The fusion core generates gravity waves with the "Thompson Projectors" which are the flat pane sections that light up on the fusion core. The fins keep the projectors from interfering with each other. The Deutronium reactor generates the electricity for all the Jupiter 2 systems and a by-product of the reaction is used to create the gravity waves that 'push' instead of attract. The saucer begins the take-off sequence with a fully powered up reactor, and the fusion core just fed a trickle of power. The voltage is increased which triggers a brighter glow from the projector plates and as the reaction subsides it is increased in the projector plate next to it which gives the rotation appearance. They use 95 percent of full power on the bottom plates, which pushes the Jupiter 2 up into the air and increasing the power the ship goes faster and faster through the atmosphere. the side plates keep the ship on an exact trajectory to escape the atmosphere. the Jupiter 2's avionics slowly pitch the Jupiter 2 into a forward position with the main viewport pointing in the direction of travel instead of the bubble. after the Jupiter 2 goes past the 125,000 mile range the side plates will be doing the work as the fusion core can switch to full power. There is a safety interlock that all the passengers must be in the freezy tubes to protect them from the gravity waves which have been known to cause 'mental problems.' The Jupiter 2s systems didn't know about the stowaway so after takeoff Smith was exposed to full power for almost 6 hours before he woke up. The core works as pull from the front and push from the back when in full power mode, so it can go about 15 percent faster than light (Hyperspeed). 

The way the propulsion system works impacts how you make your landing gear. because at lower speeds and near hover, the Jupiter 2 acts a lot like a helicopter.

Now..Lets talk Bubble.
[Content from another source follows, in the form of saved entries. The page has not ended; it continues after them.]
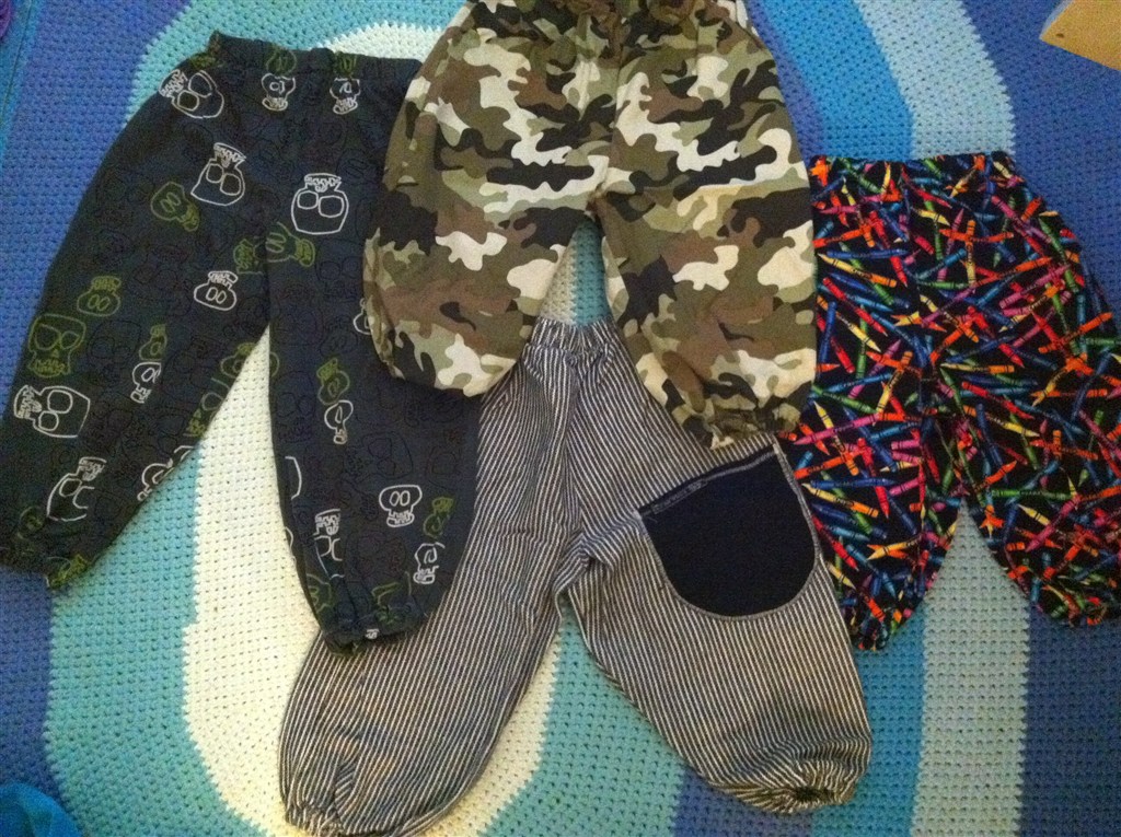 1; Hjemmesyet bukser Str 74: 25 pr par
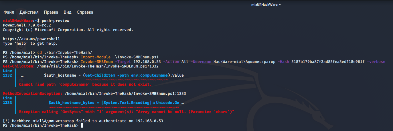 Invoke-SMBEnum -Target 192.168.0.53 -Action All -Username HackWare-mial\Администратор -Hash 5187b179ba87f3ad85fea3ed718e961f -verbose
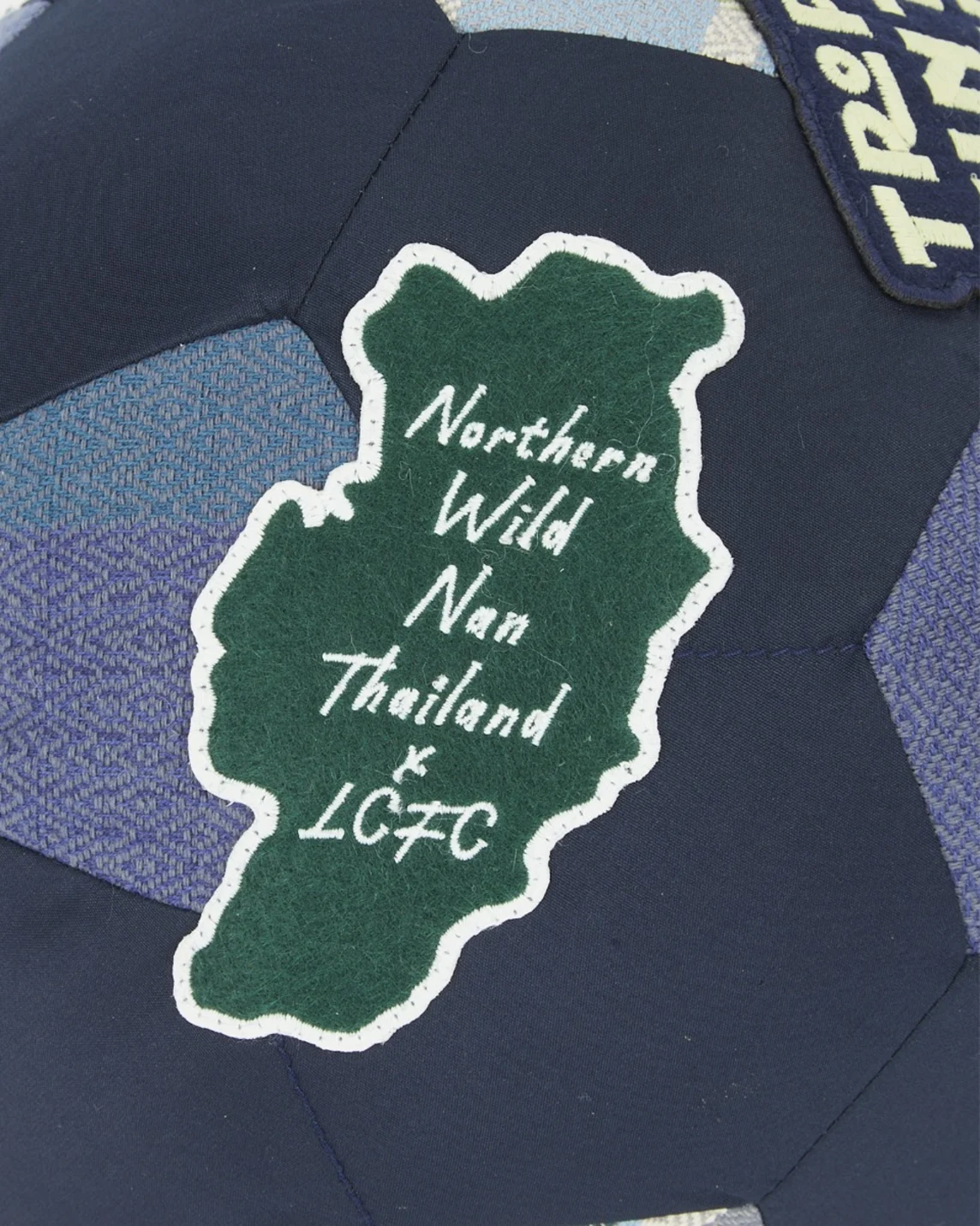 The Northern Wild, Northern Life navy blue football-shaped cushion reflects the unique character of local northern Thai culture. Showcasing the distinctive craftsmanship of the area, the cushion features takong and herringbone weaving patterns from the Chiang Rai village community in Nan Province, northern Thailand. It also includes various LCFC embroidery designs, along with a striking fox chasing a football, symbolizing the energy and drive for victory inspired by Leicester City. This cushion is the perfect addition to enhance your home decor or favorite corner with a touch of uniqueness.
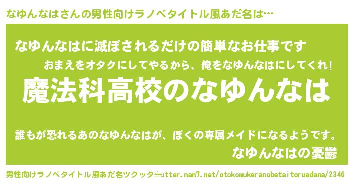 | 女子向けラノベタイトル風あだ名 | 『なゆんなはなんてお断りですっ。』 |
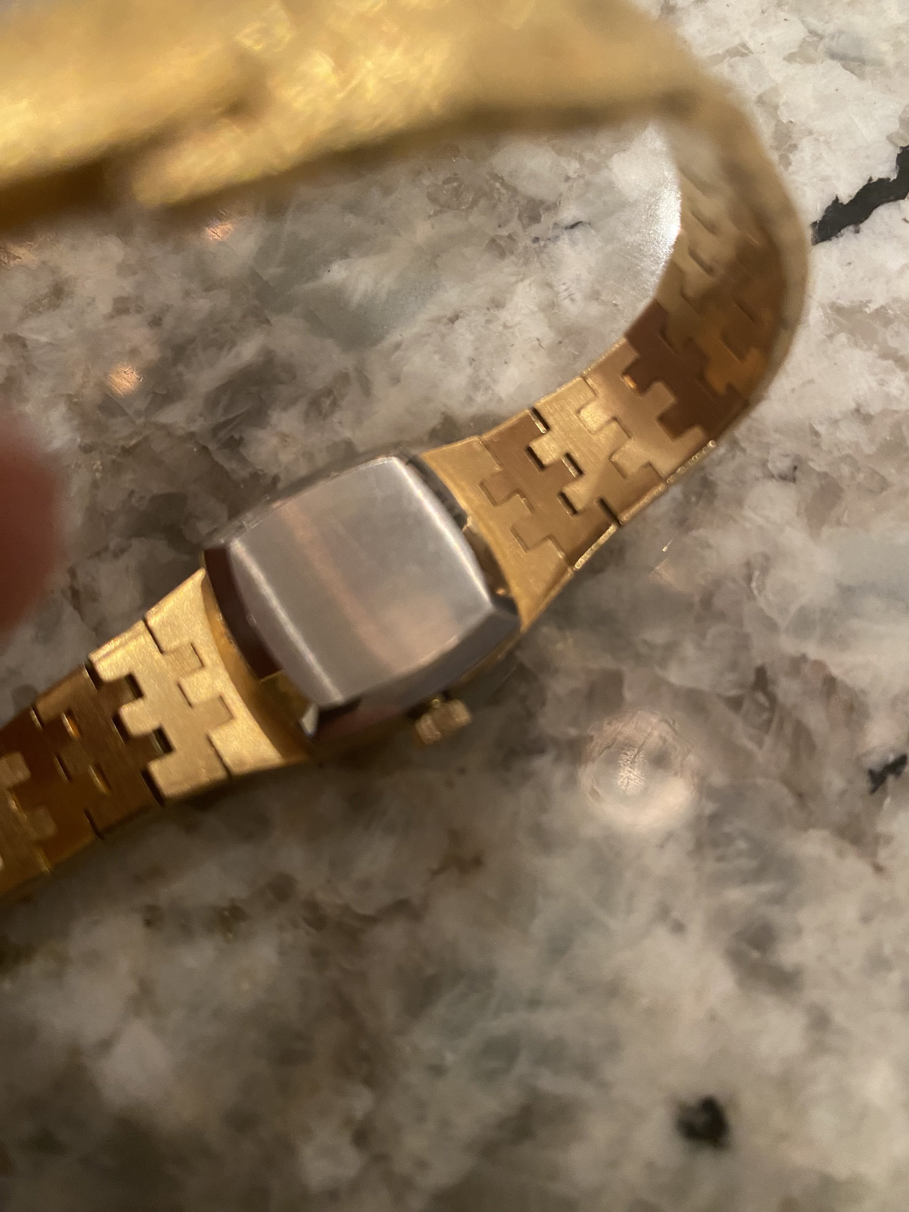 Certainly golden in color. Could be plated, filled or solid.

I want to put a spinning "V" in the model with a full interior and without gear. Using a very thin steel wire I can spin it and it will hardly be noticable. I can spin the V shape and have a thin clear sheet of plastic about 1/6" under the bubble with a teeny hole for that steel wire. it would go thru the top of the Astrogator bubble and thru the center of the lil Jupiter saucer inside. This is a good thing. As the V spins, so will the lil Jupiter 2 inside the astrogator. the gearbox and such can fit under the floor.


----------



## Y3a (Jan 18, 2001)

Ok.... Speaking about L.B.Abbott's book. What would happen if I re-type the stuff on Lost in space in a post here???? For info purposes only.


----------



## Steve H (Feb 8, 2009)

Gemini1999 said:


> Actually, I thought that I'd remembered a mention of the Lydecker rig being used for "The Right Stuff". I went on IMDB.com and looked in the trivia section for the film and it does mention the Lydecker brothers and how the film's VFX team opted for using that style of VFX versus producing them in a lab.
> 
> Bryan


I know they went 'old school' on The Right Stuff (one of my fave movies, but I'm a space nut  ) but mostly it was taking models and dropping them from a great height to show out-of-control spins and tumbles 

But I think there was some wire work too. Had to be.


----------



## woof359 (Apr 27, 2003)

I heard the Flying Saucer book was mostly illistrations and not many photos, So for the price they were asking I ppassed on it


----------



## toyroy (Jul 17, 2005)

Y3a said:


> OK, we have stopped discussing the landing gear. WHY??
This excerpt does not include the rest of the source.